16 stars 2 forks source link

Benchmarks #6

Open ritchie46 opened 3 years ago

ritchie46 commented 3 years ago

As we compare different tools here. It would be cool to run benchmarks from this repo.

Maybe in CI, and later maybe even a dedicated runner.

These can could then be shown on the website. I am already assuming here that polars does great. :smile:

koaning commented 3 years ago

Benchmarks are most certainly the plan! Any preference on how though? Part of me likes the idea of running it on Github Actions, but I'm wondering if they provide consistent hardware. There's also "what datasets shall we use" and "where to host those". I may also imagine that we may want to consider versions of functions. After all, there may be multiple ways to implement "sessionize".

koaning commented 3 years ago

Come to think of it, do we really want to download large datasets and run potentially long-running benchmarks in Github Actions?
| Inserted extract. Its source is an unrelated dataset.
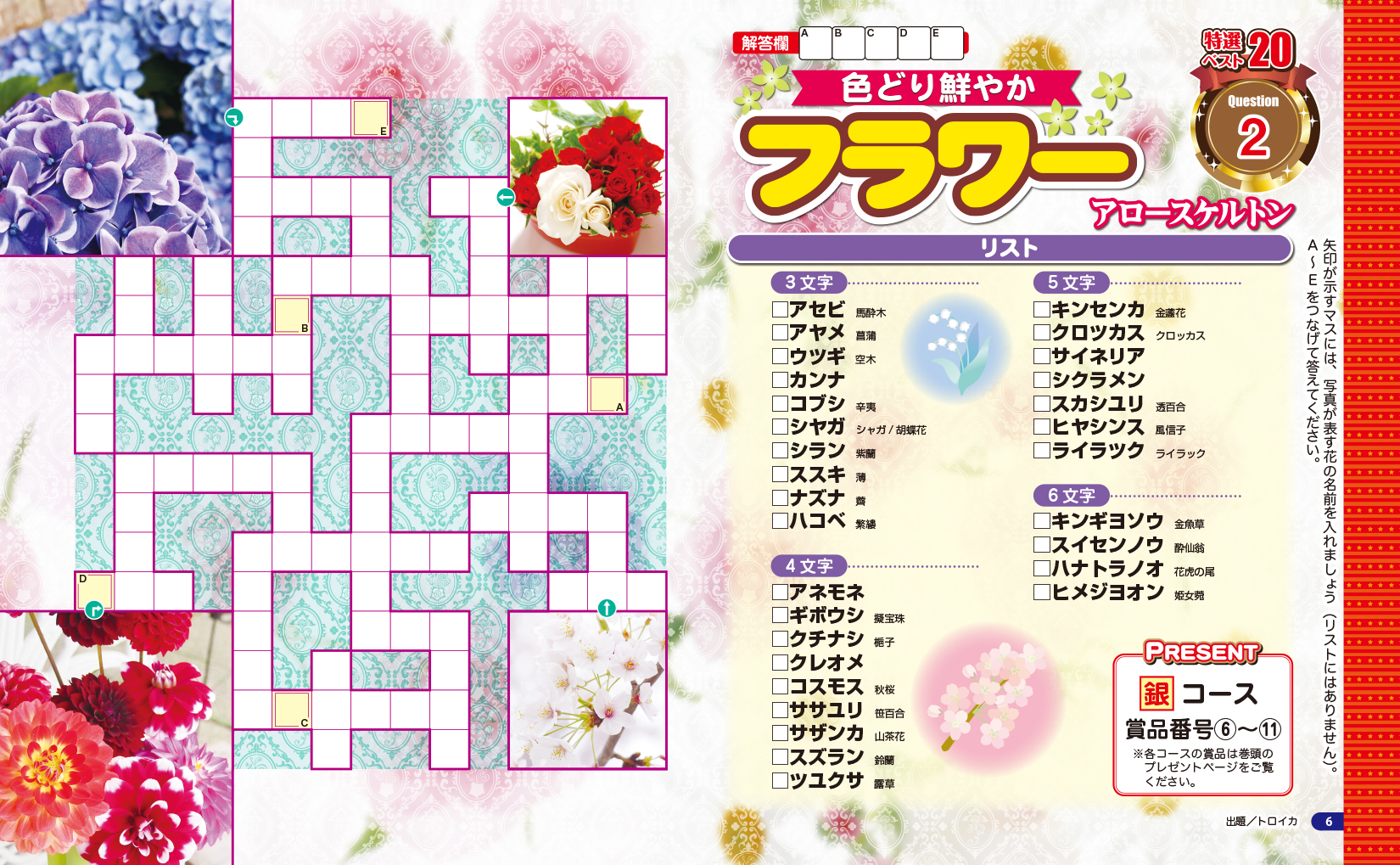 矢印(アロー)に沿ってキーワードを書き込む「アロークロス」。クロスワードに似ていますが、マスを埋める「カギ」がパズル盤面の中にあるのが特徴です。矢印が出ているマスの中には文字やイラストなどさまざまなヒントが入っており、バラエティに富んだ問題が用意されています。

ritchie46 commented 3 years ago

Could create CI that only runs on manual triggers. In the polars repo, we create the datasets instead of downloading.

The VM's are shared, but I do think that within a pipeline we have the same compute (not really sure though), this would make relative comparisons still sensbible within one run.

koaning commented 3 years ago

Fair enough. Let's try and start with GithubCI just to keep things simple.

Where would you want to store the data from the benchmark results? Do we want to store the results of the runs in git?

ritchie46 commented 3 years ago

Hmm.. that's maybe a good idea yes. We could store it in a separate clean branch. The whole benchmarking is a large todo still.

I also want to run TCPH benchmarks in the polars repo, which would need dedicated compute. I can imagine eventually setting up a database etc.

koaning commented 3 years ago

I just got a base thing goin' on my local multiple dispatch branch.

What does TCPH stand for?

Also, simulating some of these datasets is tricky. How might we properly simulate a session dataset?

koaning commented 3 years ago

I was thinking about building a memo script, but I'm open to other ideas too. It kind of depends on how accurate you'd like these numbers. There's also stuff like measure parquet vs. csv and/or number of CPUs.